TASK DIRECTIONS: Below are records with pictures in them. Transcribe everything from the line containing "[옷자락]여성 남성 5부 핀턱 와이드 데님 반바지" down to the line containing "- napolitana proteica", exactly, and leave the pictures behind.

#### INPUT MATERIAL ####

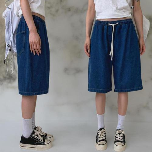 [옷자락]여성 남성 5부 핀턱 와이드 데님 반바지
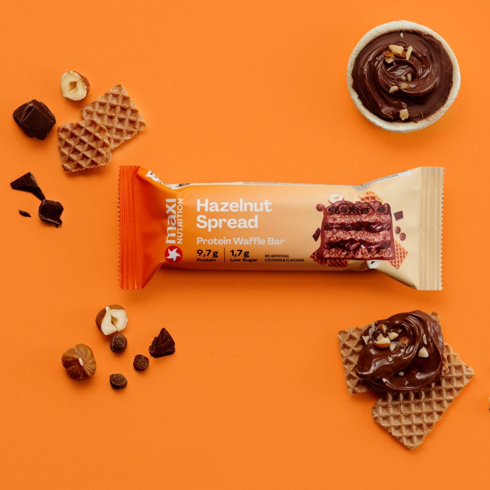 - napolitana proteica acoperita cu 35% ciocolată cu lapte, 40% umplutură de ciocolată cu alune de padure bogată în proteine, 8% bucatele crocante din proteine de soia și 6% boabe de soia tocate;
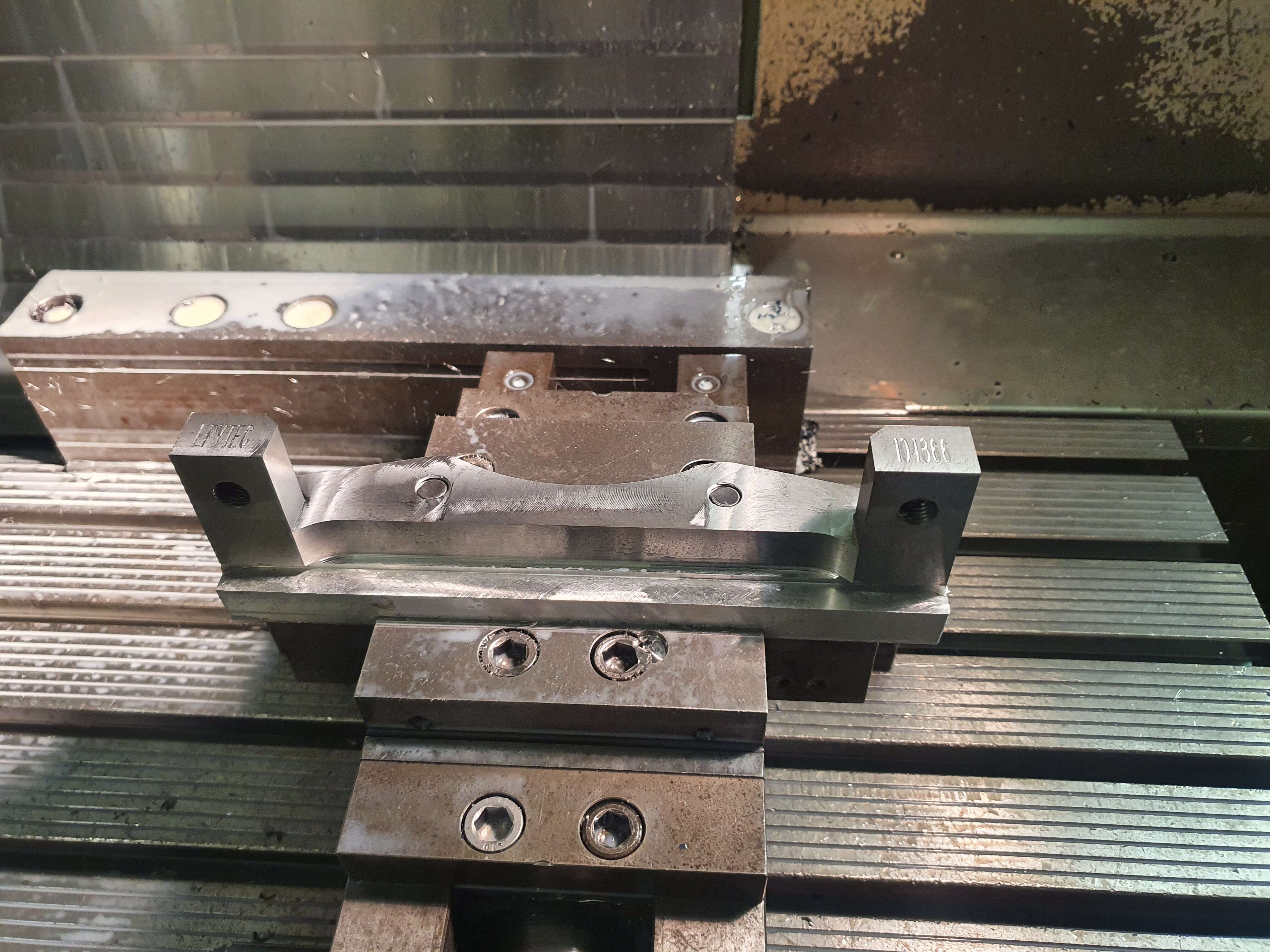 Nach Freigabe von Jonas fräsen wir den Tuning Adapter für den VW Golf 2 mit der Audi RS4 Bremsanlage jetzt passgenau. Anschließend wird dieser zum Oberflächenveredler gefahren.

####
#### INPUT MATERIAL ####

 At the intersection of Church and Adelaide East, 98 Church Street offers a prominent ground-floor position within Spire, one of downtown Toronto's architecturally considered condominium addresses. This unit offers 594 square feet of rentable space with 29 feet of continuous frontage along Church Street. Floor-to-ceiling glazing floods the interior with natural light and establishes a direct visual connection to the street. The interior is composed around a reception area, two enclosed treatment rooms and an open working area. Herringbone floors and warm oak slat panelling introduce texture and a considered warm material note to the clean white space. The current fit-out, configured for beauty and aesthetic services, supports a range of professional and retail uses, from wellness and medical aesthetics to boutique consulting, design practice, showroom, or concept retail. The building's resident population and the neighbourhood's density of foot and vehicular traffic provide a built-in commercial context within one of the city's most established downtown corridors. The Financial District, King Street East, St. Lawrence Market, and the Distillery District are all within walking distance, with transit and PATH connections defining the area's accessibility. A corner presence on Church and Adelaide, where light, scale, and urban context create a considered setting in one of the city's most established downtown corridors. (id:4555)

####
#### INPUT MATERIAL ####

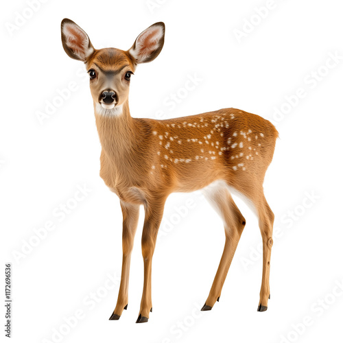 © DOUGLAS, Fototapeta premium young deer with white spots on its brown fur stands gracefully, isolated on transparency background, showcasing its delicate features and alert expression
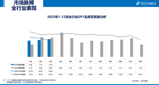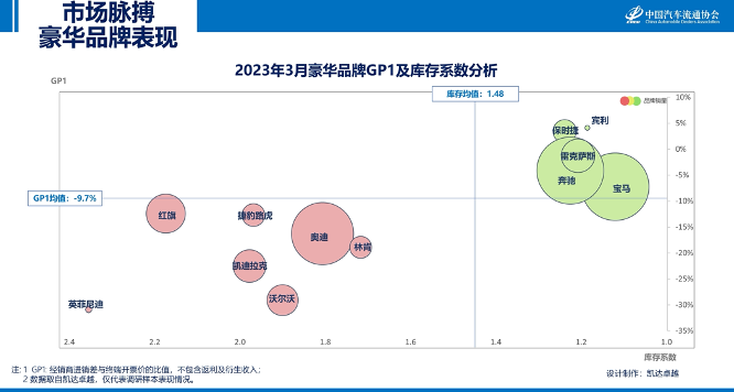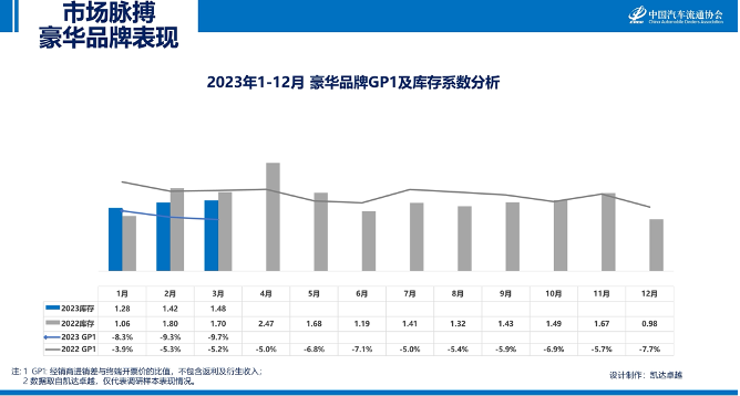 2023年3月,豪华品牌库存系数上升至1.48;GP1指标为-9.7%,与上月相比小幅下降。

####

SOLUTION FOR THIS TASK:
 [옷자락]여성 남성 5부 핀턱 와이드 데님 반바지
 - napolitana proteica acoperita cu 35% ciocolată cu lapte, 40% umplutură de ciocolată cu alune de padure bogată în proteine, 8% bucatele crocante din proteine de soia și 6% boabe de soia tocate;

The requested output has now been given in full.